### Exercise aim
All of the data should be copied exactly, with the pictures left out.

### Information

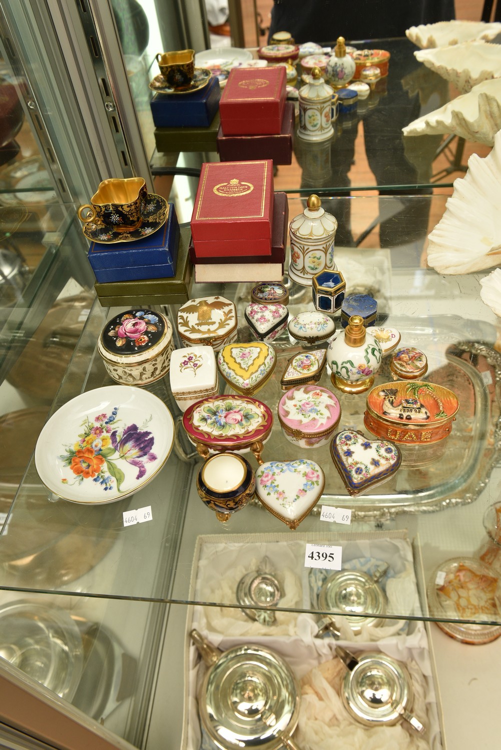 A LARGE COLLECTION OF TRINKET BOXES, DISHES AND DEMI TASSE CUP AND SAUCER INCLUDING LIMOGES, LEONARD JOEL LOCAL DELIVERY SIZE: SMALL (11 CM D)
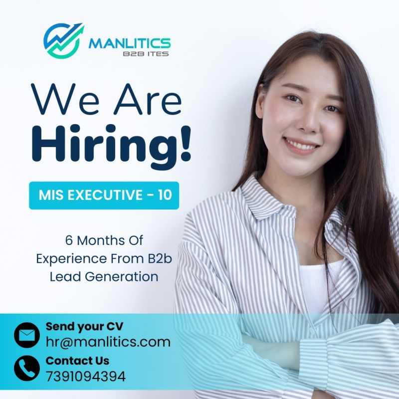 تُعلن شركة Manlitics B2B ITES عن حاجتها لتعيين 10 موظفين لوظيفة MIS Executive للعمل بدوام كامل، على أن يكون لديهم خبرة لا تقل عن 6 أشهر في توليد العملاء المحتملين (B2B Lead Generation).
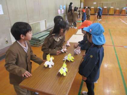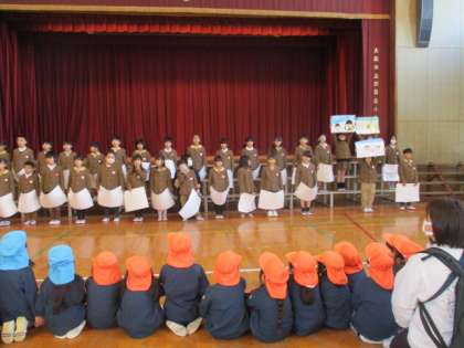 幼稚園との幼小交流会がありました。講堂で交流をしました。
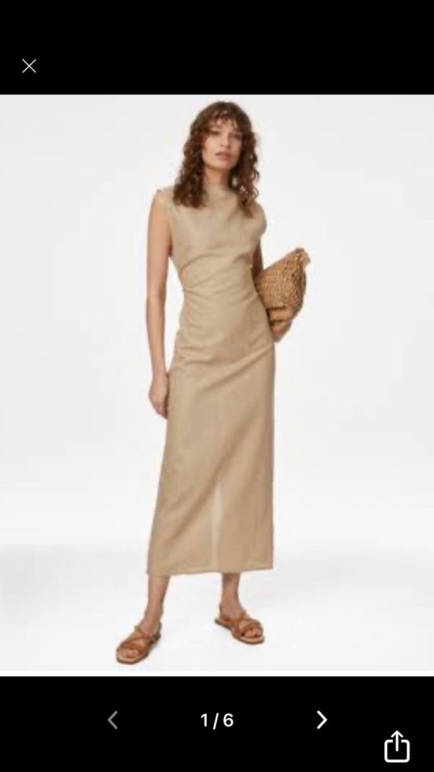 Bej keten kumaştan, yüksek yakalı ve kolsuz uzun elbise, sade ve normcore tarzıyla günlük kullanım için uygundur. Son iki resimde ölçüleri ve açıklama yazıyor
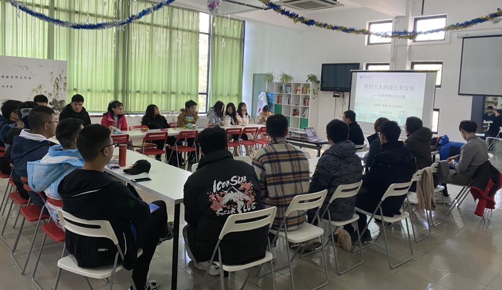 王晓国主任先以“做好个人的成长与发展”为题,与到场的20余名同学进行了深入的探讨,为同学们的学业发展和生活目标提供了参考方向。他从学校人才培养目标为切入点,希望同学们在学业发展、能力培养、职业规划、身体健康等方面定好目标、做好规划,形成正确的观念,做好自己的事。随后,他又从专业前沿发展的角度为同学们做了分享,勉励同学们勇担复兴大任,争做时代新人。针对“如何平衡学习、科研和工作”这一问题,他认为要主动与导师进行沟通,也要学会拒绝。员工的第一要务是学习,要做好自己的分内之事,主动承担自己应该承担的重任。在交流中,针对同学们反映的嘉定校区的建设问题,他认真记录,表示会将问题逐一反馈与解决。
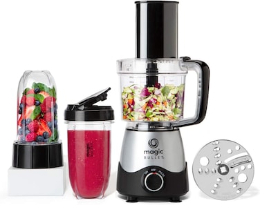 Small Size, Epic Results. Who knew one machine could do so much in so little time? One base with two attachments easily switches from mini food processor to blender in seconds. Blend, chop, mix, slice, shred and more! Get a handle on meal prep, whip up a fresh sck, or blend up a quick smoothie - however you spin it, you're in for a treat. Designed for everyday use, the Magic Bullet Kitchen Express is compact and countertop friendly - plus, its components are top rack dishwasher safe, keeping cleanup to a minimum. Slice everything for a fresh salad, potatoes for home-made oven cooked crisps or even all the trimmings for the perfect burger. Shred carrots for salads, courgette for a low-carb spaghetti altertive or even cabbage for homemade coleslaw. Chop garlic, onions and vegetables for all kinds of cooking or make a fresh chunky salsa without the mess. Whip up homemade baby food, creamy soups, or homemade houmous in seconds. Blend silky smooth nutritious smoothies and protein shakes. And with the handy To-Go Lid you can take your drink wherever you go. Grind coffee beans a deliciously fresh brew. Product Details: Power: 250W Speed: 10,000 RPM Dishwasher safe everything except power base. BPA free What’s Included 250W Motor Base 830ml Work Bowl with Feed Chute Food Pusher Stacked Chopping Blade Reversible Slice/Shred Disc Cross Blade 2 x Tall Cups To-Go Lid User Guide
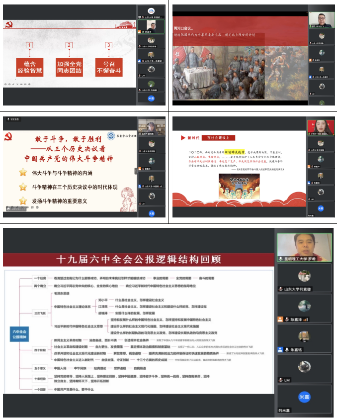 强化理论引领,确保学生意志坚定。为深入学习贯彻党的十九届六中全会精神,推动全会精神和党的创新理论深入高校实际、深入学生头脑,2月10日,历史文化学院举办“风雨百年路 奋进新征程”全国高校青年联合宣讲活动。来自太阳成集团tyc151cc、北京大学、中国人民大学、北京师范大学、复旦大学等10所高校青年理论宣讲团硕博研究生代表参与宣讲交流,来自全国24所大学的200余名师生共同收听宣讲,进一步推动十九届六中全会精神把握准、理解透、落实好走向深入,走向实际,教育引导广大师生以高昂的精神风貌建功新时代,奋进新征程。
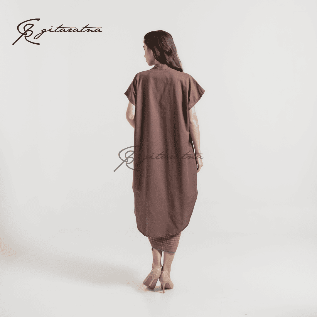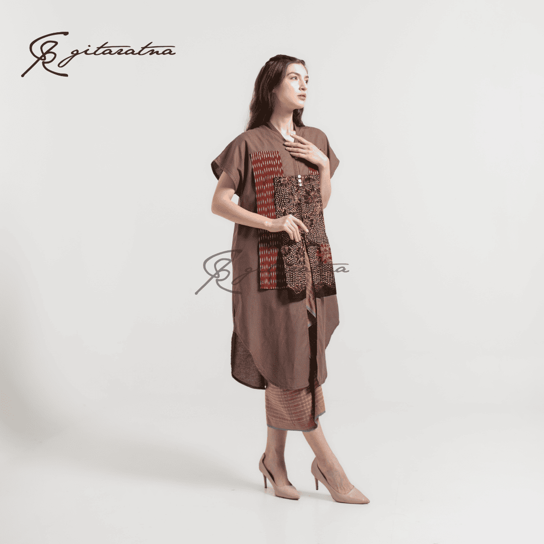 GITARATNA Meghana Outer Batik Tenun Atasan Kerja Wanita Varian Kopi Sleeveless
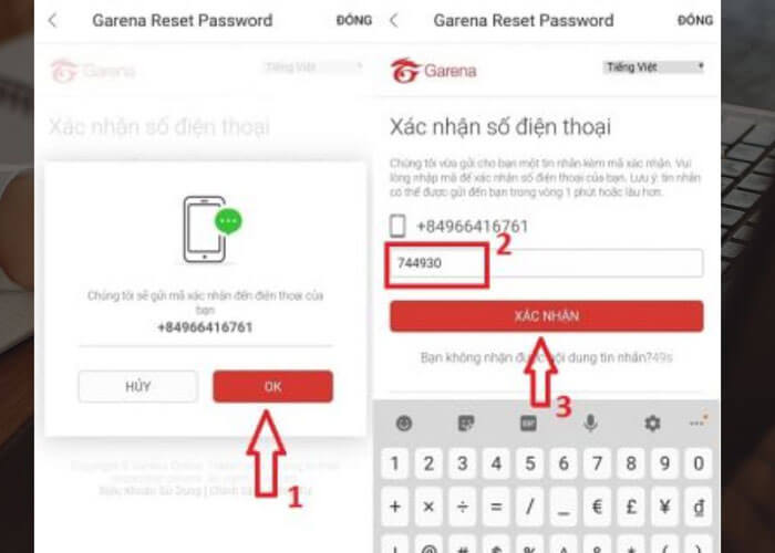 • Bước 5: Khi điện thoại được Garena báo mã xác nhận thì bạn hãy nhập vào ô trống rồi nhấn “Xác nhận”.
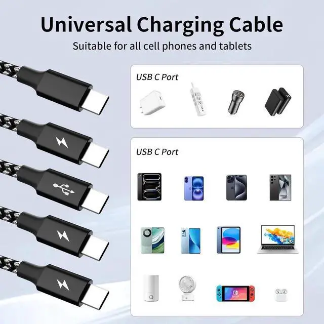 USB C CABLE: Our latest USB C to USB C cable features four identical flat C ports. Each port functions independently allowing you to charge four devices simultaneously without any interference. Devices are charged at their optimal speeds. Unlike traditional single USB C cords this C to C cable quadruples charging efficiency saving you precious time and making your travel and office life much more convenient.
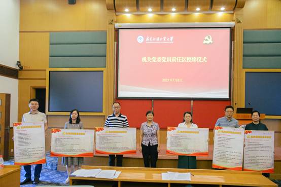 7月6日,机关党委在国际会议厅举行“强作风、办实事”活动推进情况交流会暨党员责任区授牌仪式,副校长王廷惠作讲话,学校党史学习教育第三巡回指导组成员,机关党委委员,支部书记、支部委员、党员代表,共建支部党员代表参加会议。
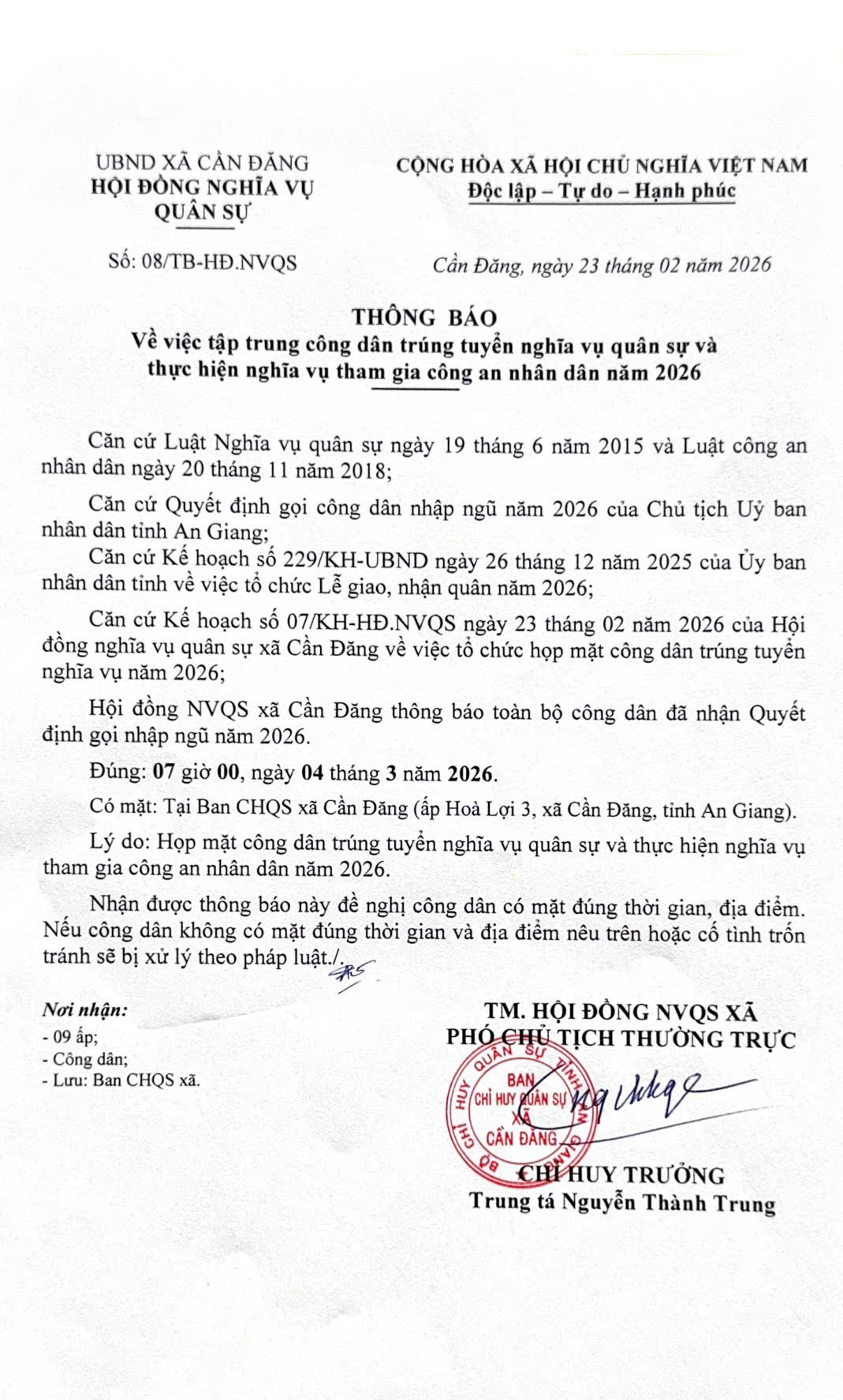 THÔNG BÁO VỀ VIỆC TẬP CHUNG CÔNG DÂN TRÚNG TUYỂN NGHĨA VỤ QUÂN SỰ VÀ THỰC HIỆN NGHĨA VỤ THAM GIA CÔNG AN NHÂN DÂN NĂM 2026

### Solution for this exercise
 A LARGE COLLECTION OF TRINKET BOXES, DISHES AND DEMI TASSE CUP AND SAUCER INCLUDING LIMOGES, LEONARD JOEL LOCAL DELIVERY SIZE: SMALL (11 CM D)
 تُعلن شركة Manlitics B2B ITES عن حاجتها لتعيين 10 موظفين لوظيفة MIS Executive للعمل بدوام كامل، على أن يكون لديهم خبرة لا تقل عن 6 أشهر في توليد العملاء المحتملين (B2B Lead Generation).
 幼稚園との幼小交流会がありました。講堂で交流をしました。
 Bej keten kumaştan, yüksek yakalı ve kolsuz uzun elbise, sade ve normcore tarzıyla günlük kullanım için uygundur. Son iki resimde ölçüleri ve açıklama yazıyor
 王晓国主任先以“做好个人的成长与发展”为题,与到场的20余名同学进行了深入的探讨,为同学们的学业发展和生活目标提供了参考方向。他从学校人才培养目标为切入点,希望同学们在学业发展、能力培养、职业规划、身体健康等方面定好目标、做好规划,形成正确的观念,做好自己的事。随后,他又从专业前沿发展的角度为同学们做了分享,勉励同学们勇担复兴大任,争做时代新人。针对“如何平衡学习、科研和工作”这一问题,他认为要主动与导师进行沟通,也要学会拒绝。员工的第一要务是学习,要做好自己的分内之事,主动承担自己应该承担的重任。在交流中,针对同学们反映的嘉定校区的建设问题,他认真记录,表示会将问题逐一反馈与解决。
 Small Size, Epic Results. Who knew one machine could do so much in so little time? One base with two attachments easily switches from mini food processor to blender in seconds. Blend, chop, mix, slice, shred and more! Get a handle on meal prep, whip up a fresh sck, or blend up a quick smoothie - however you spin it, you're in for a treat. Designed for everyday use, the Magic Bullet Kitchen Express is compact and countertop friendly - plus, its components are top rack dishwasher safe, keeping cleanup to a minimum. Slice everything for a fresh salad, potatoes for home-made oven cooked crisps or even all the trimmings for the perfect burger. Shred carrots for salads, courgette for a low-carb spaghetti altertive or even cabbage for homemade coleslaw. Chop garlic, onions and vegetables for all kinds of cooking or make a fresh chunky salsa without the mess. Whip up homemade baby food, creamy soups, or homemade houmous in seconds. Blend silky smooth nutritious smoothies and protein shakes. And with the handy To-Go Lid you can take your drink wherever you go. Grind coffee beans a deliciously fresh brew. Product Details: Power: 250W Speed: 10,000 RPM Dishwasher safe everything except power base. BPA free What’s Included 250W Motor Base 830ml Work Bowl with Feed Chute Food Pusher Stacked Chopping Blade Reversible Slice/Shred Disc Cross Blade 2 x Tall Cups To-Go Lid User Guide
 强化理论引领,确保学生意志坚定。为深入学习贯彻党的十九届六中全会精神,推动全会精神和党的创新理论深入高校实际、深入学生头脑,2月10日,历史文化学院举办“风雨百年路 奋进新征程”全国高校青年联合宣讲活动。来自太阳成集团tyc151cc、北京大学、中国人民大学、北京师范大学、复旦大学等10所高校青年理论宣讲团硕博研究生代表参与宣讲交流,来自全国24所大学的200余名师生共同收听宣讲,进一步推动十九届六中全会精神把握准、理解透、落实好走向深入,走向实际,教育引导广大师生以高昂的精神风貌建功新时代,奋进新征程。
 GITARATNA Meghana Outer Batik Tenun Atasan Kerja Wanita Varian Kopi Sleeveless
 • Bước 5: Khi điện thoại được Garena báo mã xác nhận thì bạn hãy nhập vào ô trống rồi nhấn “Xác nhận”.
 USB C CABLE: Our latest USB C to USB C cable features four identical flat C ports. Each port functions independently allowing you to charge four devices simultaneously without any interference. Devices are charged at their optimal speeds. Unlike traditional single USB C cords this C to C cable quadruples charging efficiency saving you precious time and making your travel and office life much more convenient.
 7月6日,机关党委在国际会议厅举行“强作风、办实事”活动推进情况交流会暨党员责任区授牌仪式,副校长王廷惠作讲话,学校党史学习教育第三巡回指导组成员,机关党委委员,支部书记、支部委员、党员代表,共建支部党员代表参加会议。
 THÔNG BÁO VỀ VIỆC TẬP CHUNG CÔNG DÂN TRÚNG TUYỂN NGHĨA VỤ QUÂN SỰ VÀ THỰC HIỆN NGHĨA VỤ THAM GIA CÔNG AN NHÂN DÂN NĂM 2026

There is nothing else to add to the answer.